*** Data for processing Section Begins ***
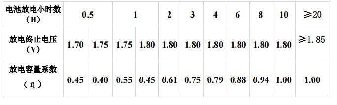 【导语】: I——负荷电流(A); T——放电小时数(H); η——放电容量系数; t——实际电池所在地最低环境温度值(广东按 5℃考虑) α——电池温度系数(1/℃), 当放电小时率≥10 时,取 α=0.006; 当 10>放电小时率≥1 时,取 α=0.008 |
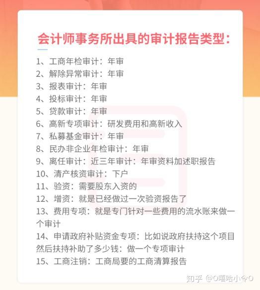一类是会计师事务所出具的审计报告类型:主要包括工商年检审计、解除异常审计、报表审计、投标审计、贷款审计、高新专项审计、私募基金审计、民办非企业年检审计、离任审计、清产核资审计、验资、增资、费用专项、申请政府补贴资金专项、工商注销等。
*** Data for processing Section Ends ***
*** Data for processing Section Begins ***
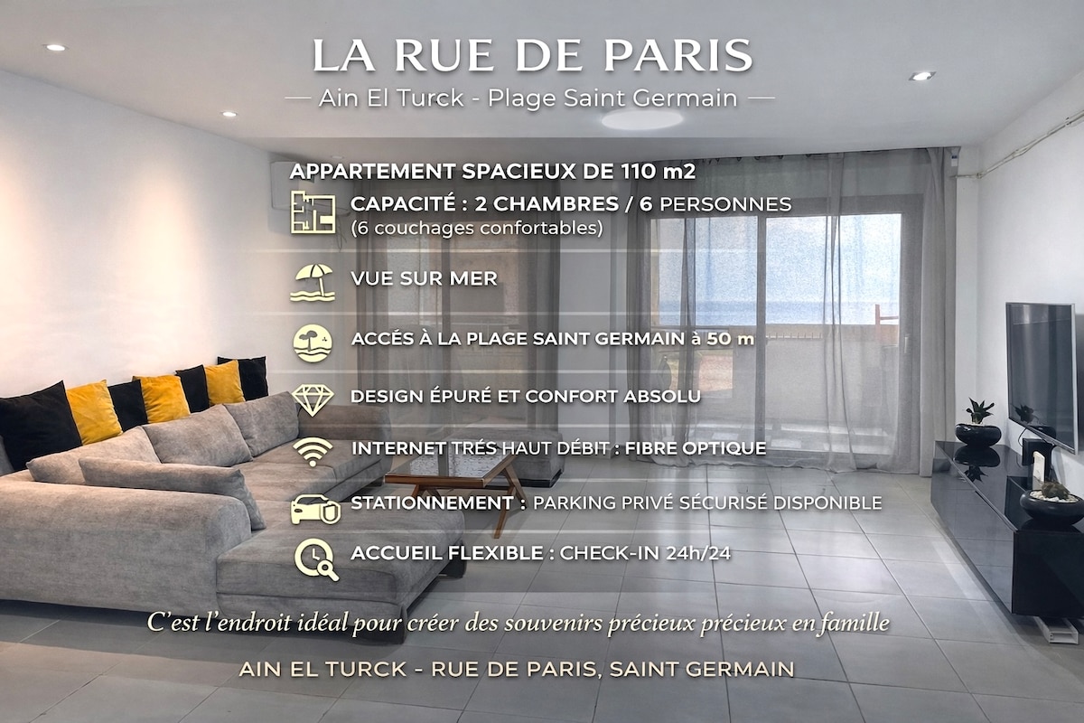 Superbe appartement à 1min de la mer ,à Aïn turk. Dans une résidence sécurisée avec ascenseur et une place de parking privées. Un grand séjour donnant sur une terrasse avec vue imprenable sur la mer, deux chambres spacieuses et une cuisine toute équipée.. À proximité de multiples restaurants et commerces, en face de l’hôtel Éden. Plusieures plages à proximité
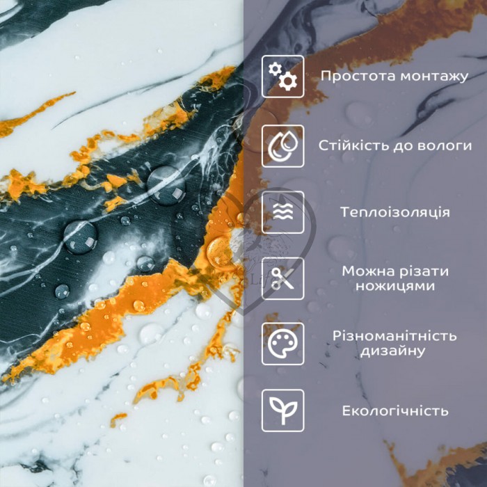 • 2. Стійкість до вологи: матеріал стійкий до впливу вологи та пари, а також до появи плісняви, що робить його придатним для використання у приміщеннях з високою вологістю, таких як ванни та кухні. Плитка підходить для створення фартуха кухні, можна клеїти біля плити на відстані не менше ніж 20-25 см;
*** Data for processing Section Ends ***
## Exercise directions
Reproduce the lines above beginning at the line that contains "Superbe appartement à" and ending at the line that contains "ніж 20-25 см;". No pictures.

## Finished task
 Superbe appartement à 1min de la mer ,à Aïn turk. Dans une résidence sécurisée avec ascenseur et une place de parking privées. Un grand séjour donnant sur une terrasse avec vue imprenable sur la mer, deux chambres spacieuses et une cuisine toute équipée.. À proximité de multiples restaurants et commerces, en face de l’hôtel Éden. Plusieures plages à proximité
 • 2. Стійкість до вологи: матеріал стійкий до впливу вологи та пари, а також до появи плісняви, що робить його придатним для використання у приміщеннях з високою вологістю, таких як ванни та кухні. Плитка підходить для створення фартуха кухні, можна клеїти біля плити на відстані не менше ніж 20-25 см;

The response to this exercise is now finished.